### Data provided
####################

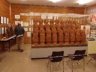 | 丸山に登り、木喰上人の里へ(切石・精進) ヒルの出没しない冬の間に富士川沿いの山に行こうと地図を眺める。名所旧跡が記入されているグーグルマップをまず眺めることが最近は多い。それで当たりをつけて地形図で確かめる。 木喰上人のことは山梨県に住んでいるから耳にはしていたが、詳しく調べたことなどなかった。グーグルマップに生家や資料館(微笑館)があったので、それが下部の丸畑にあることも初めて知った。 ふーん、ならばそこへ山をからめて行く方法はないものかと地形図を調べ、いい方法を思いついた。すなわち、下部隧道から尾根に取り付き、金毘羅社のある663mの丸山に登ったのち、丸畑の微笑館を訪ねるという方法である。 何日かぶりに再び冷え込んだ朝、山梨県では南国の、富士川沿いの山に行くには絶好の日よりである。国道52号を延々と南下していた頃にくらべると、中部横断道のおかげで1時間あまりで下部の人になっているとは隔世の感である。 富士川沿いには山上集落が多く、かつては山の上まで耕して畑にしていた。それらの多くは耕作放棄地である。去年登った鴨狩津向の城山でも畑の跡を見たし、昨日も、ここは畑だったのだろうなあという場所がいくつも山の上に残っていた。そんな場所からは普段見慣れぬ方角からの山々の景色が興味深い。それにしても、自分の住んでいるところより低い場所なのに、なんと山深く感じられることだろう。 明るい尾根筋には薮もなく、実にいい気分で歩けた。丸山頂上に建つ金毘羅社に参拝し、その横の陽だまりで早い昼休みとした。あとは里道を下るのみ。途中の微笑館に他の観覧者はもちろんおらず、お茶まで出してもらって歓待された。駐車場に車がないのを不審に思われたが、山伝いに歩いてやって来る者などまずないからだろう。 この地には再度逆側から縦走してくるつもりなので、木喰上人の生家を訪ねるのはそのときとし、道の駅へと下ったが、その車道の傾斜のすごいこと。現在、拡幅工事をしているので、微笑館まで車で上がるとき、すれ違いに気を遣うことは少なくなるだろう。 微笑館で木喰上人の概要についてビデオを見た。YOUTUBEを探すと、似たようなビデオがあったが、これは現在上映しているビデオの前に上映していたものだとか。 この人、宇宙人だったのではないかしら。 |
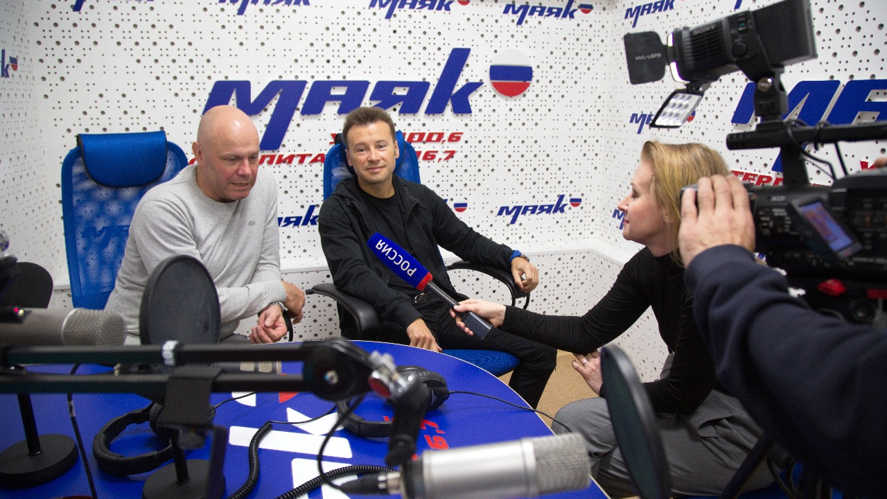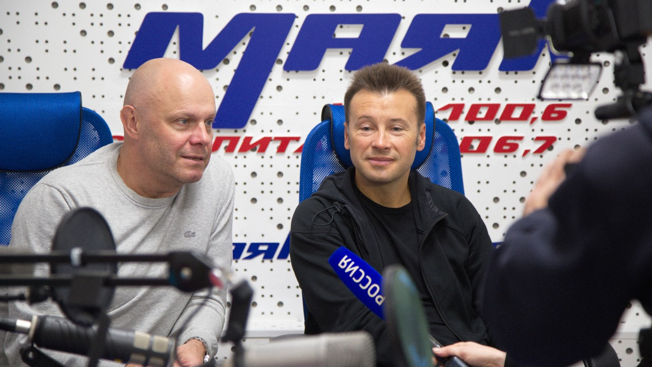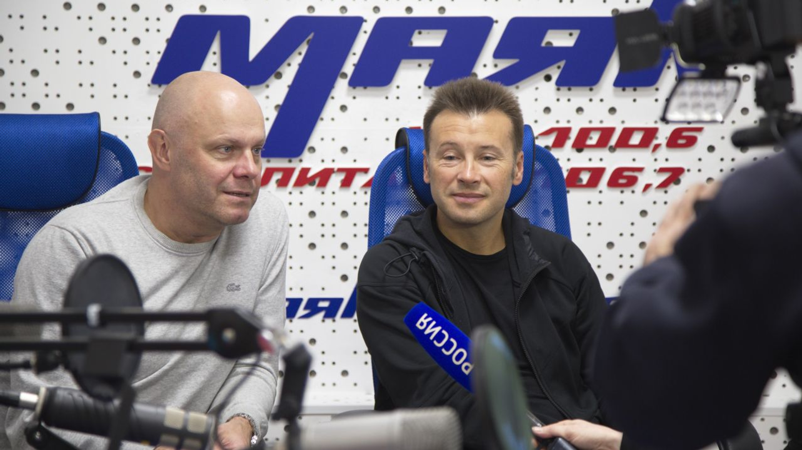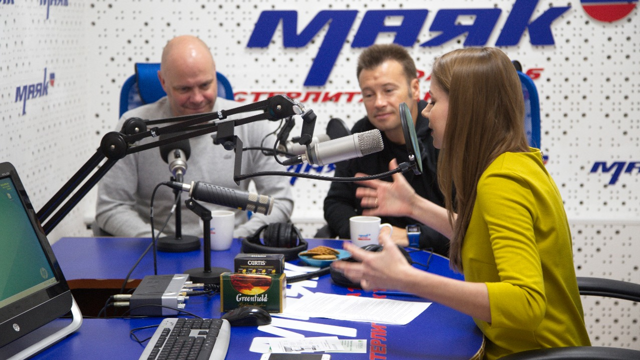 УФА, 14 окт 2016. /ИА «Башинформ», Сергей Захаров/. 14 октября в прямом эфире радиостанции «Маяк Уфа» побывали лидер группы «Несчастный случай» Алексей Кортнев и музыкальный руководитель, композитор, аранжировщик и клавишник группы Сергей Чекрыжов.
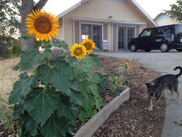 Fritz inspects Betsy’s sunflowers
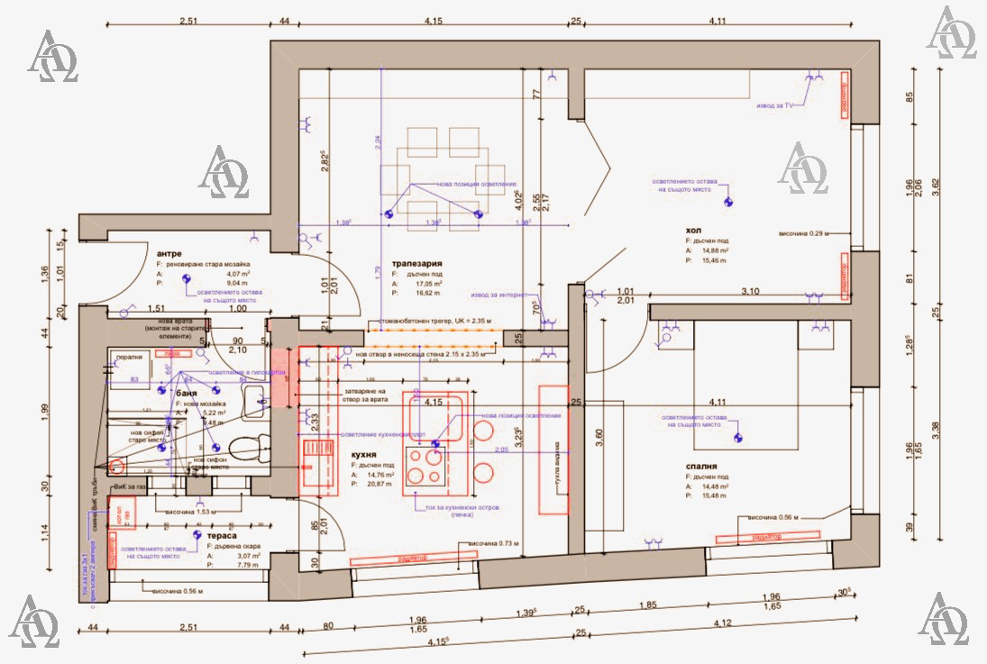 Имотът е след цялостна реконструкция и реновация, като всичко по него напълно ново. Изцяло саниран - поставена е вътрешна и външна изолация на 49 сантиметровите стени. Подменена дограма с висококачествена 6-камерна ПВЦ дограма на Шуко. Цялостно са подменени Ел и ВиК инсталациите, прокарана е газова инсталация за отопление и бойлер за топла вода. Кухнята е също след ремонт, като са поставени нови мебели от масивно дърво - дъб, плотовете са от рядък доламитен мрамор, също разполага с централно разположен остров от масивно дърво и мраморен плот.
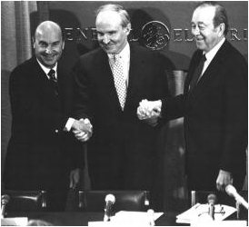 1985年在纽约市与鲍勃·弗雷德里克和桑顿·“布拉德”·布拉德肖宣布63亿美元的RCA交易。照片由GE提供
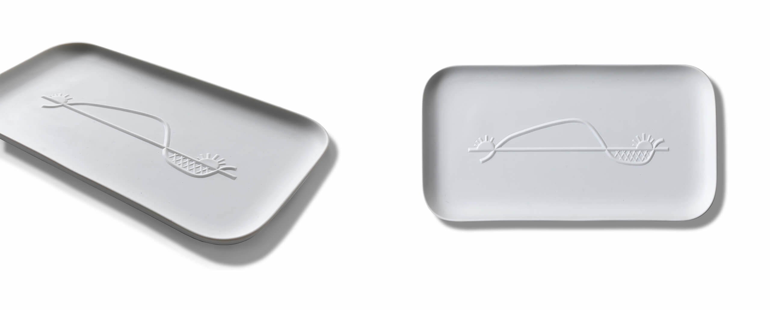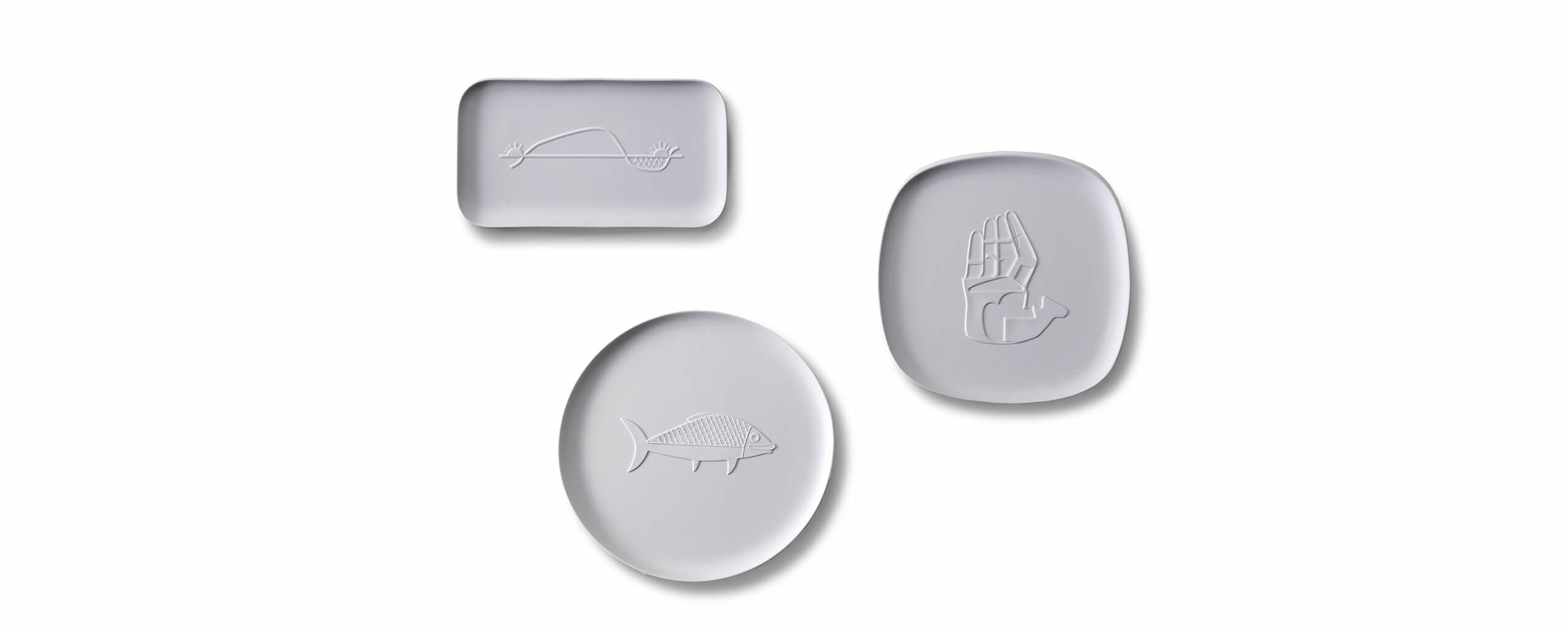 Cassina si ispira al genio di Le Corbusier per una collezione di tre vassoi in porcellana pura non smaltata, che riprendono alcuni simboli in bassorilievo scelti per i muri degli edifici di Chandigarh, la città progettata negli anni ’50, oggi iscritta nella lista del Patrimonio mondiale dell’umanità. Lo stesso procedimento si ritrova a Marsiglia nell’Unité d’Habitation con le sculptures moulées, disegni simbolici fatti imprimere da Le Corbusier nel cemento – béton brut – tratti dal suo repertorio figurativo. Ciascun vassoio, realizzato da Richard Ginori, riporta un soggetto tracciato dal Maestro nel 1956: la mano aperta che rievoca alla pace (vassoio quadrato con gli angoli smussati), il pesce (vassoio tondo), il movimento del sole (vassoio rettangolare).
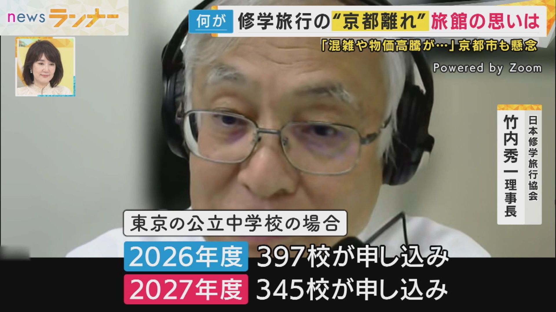 【日本修学旅行協会 竹内秀一理事長】「2026年度関西(の申し込み)が397校あったんです。それが2027年度、(申し込みが)345に減ってるんですよ。トータルだと52校減ってるんですよね」(※全て東京の公立中学校のデータ)
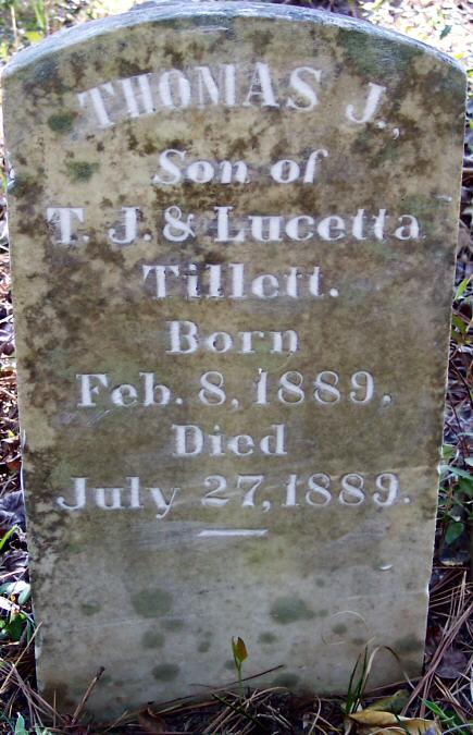 | Tillett, Thomas J. | Feb. 8, 1889 | July 27, 1889 | Son of T. J. & Lucetta Tillett |
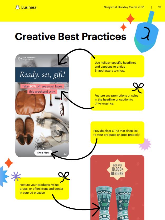 - Utilisez des titres qui font référence aux traditions des fêtes de fin d’année, en jouant sur l’émotion suscitée par cette période en vue d’inciter les Snapchatters à acheter vos produits,

####################

### What the exercise asks
Omit all pictures and repeat the rest of the records verbatim.

### Written response
 | 丸山に登り、木喰上人の里へ(切石・精進) ヒルの出没しない冬の間に富士川沿いの山に行こうと地図を眺める。名所旧跡が記入されているグーグルマップをまず眺めることが最近は多い。それで当たりをつけて地形図で確かめる。 木喰上人のことは山梨県に住んでいるから耳にはしていたが、詳しく調べたことなどなかった。グーグルマップに生家や資料館(微笑館)があったので、それが下部の丸畑にあることも初めて知った。 ふーん、ならばそこへ山をからめて行く方法はないものかと地形図を調べ、いい方法を思いついた。すなわち、下部隧道から尾根に取り付き、金毘羅社のある663mの丸山に登ったのち、丸畑の微笑館を訪ねるという方法である。 何日かぶりに再び冷え込んだ朝、山梨県では南国の、富士川沿いの山に行くには絶好の日よりである。国道52号を延々と南下していた頃にくらべると、中部横断道のおかげで1時間あまりで下部の人になっているとは隔世の感である。 富士川沿いには山上集落が多く、かつては山の上まで耕して畑にしていた。それらの多くは耕作放棄地である。去年登った鴨狩津向の城山でも畑の跡を見たし、昨日も、ここは畑だったのだろうなあという場所がいくつも山の上に残っていた。そんな場所からは普段見慣れぬ方角からの山々の景色が興味深い。それにしても、自分の住んでいるところより低い場所なのに、なんと山深く感じられることだろう。 明るい尾根筋には薮もなく、実にいい気分で歩けた。丸山頂上に建つ金毘羅社に参拝し、その横の陽だまりで早い昼休みとした。あとは里道を下るのみ。途中の微笑館に他の観覧者はもちろんおらず、お茶まで出してもらって歓待された。駐車場に車がないのを不審に思われたが、山伝いに歩いてやって来る者などまずないからだろう。 この地には再度逆側から縦走してくるつもりなので、木喰上人の生家を訪ねるのはそのときとし、道の駅へと下ったが、その車道の傾斜のすごいこと。現在、拡幅工事をしているので、微笑館まで車で上がるとき、すれ違いに気を遣うことは少なくなるだろう。 微笑館で木喰上人の概要についてビデオを見た。YOUTUBEを探すと、似たようなビデオがあったが、これは現在上映しているビデオの前に上映していたものだとか。 この人、宇宙人だったのではないかしら。 |
 УФА, 14 окт 2016. /ИА «Башинформ», Сергей Захаров/. 14 октября в прямом эфире радиостанции «Маяк Уфа» побывали лидер группы «Несчастный случай» Алексей Кортнев и музыкальный руководитель, композитор, аранжировщик и клавишник группы Сергей Чекрыжов.
 Fritz inspects Betsy’s sunflowers
 Имотът е след цялостна реконструкция и реновация, като всичко по него напълно ново. Изцяло саниран - поставена е вътрешна и външна изолация на 49 сантиметровите стени. Подменена дограма с висококачествена 6-камерна ПВЦ дограма на Шуко. Цялостно са подменени Ел и ВиК инсталациите, прокарана е газова инсталация за отопление и бойлер за топла вода. Кухнята е също след ремонт, като са поставени нови мебели от масивно дърво - дъб, плотовете са от рядък доламитен мрамор, също разполага с централно разположен остров от масивно дърво и мраморен плот.
 1985年在纽约市与鲍勃·弗雷德里克和桑顿·“布拉德”·布拉德肖宣布63亿美元的RCA交易。照片由GE提供
 Cassina si ispira al genio di Le Corbusier per una collezione di tre vassoi in porcellana pura non smaltata, che riprendono alcuni simboli in bassorilievo scelti per i muri degli edifici di Chandigarh, la città progettata negli anni ’50, oggi iscritta nella lista del Patrimonio mondiale dell’umanità. Lo stesso procedimento si ritrova a Marsiglia nell’Unité d’Habitation con le sculptures moulées, disegni simbolici fatti imprimere da Le Corbusier nel cemento – béton brut – tratti dal suo repertorio figurativo. Ciascun vassoio, realizzato da Richard Ginori, riporta un soggetto tracciato dal Maestro nel 1956: la mano aperta che rievoca alla pace (vassoio quadrato con gli angoli smussati), il pesce (vassoio tondo), il movimento del sole (vassoio rettangolare).
 【日本修学旅行協会 竹内秀一理事長】「2026年度関西(の申し込み)が397校あったんです。それが2027年度、(申し込みが)345に減ってるんですよ。トータルだと52校減ってるんですよね」(※全て東京の公立中学校のデータ)
 | Tillett, Thomas J. | Feb. 8, 1889 | July 27, 1889 | Son of T. J. & Lucetta Tillett |
 - Utilisez des titres qui font référence aux traditions des fêtes de fin d’année, en jouant sur l’émotion suscitée par cette période en vue d’inciter les Snapchatters à acheter vos produits,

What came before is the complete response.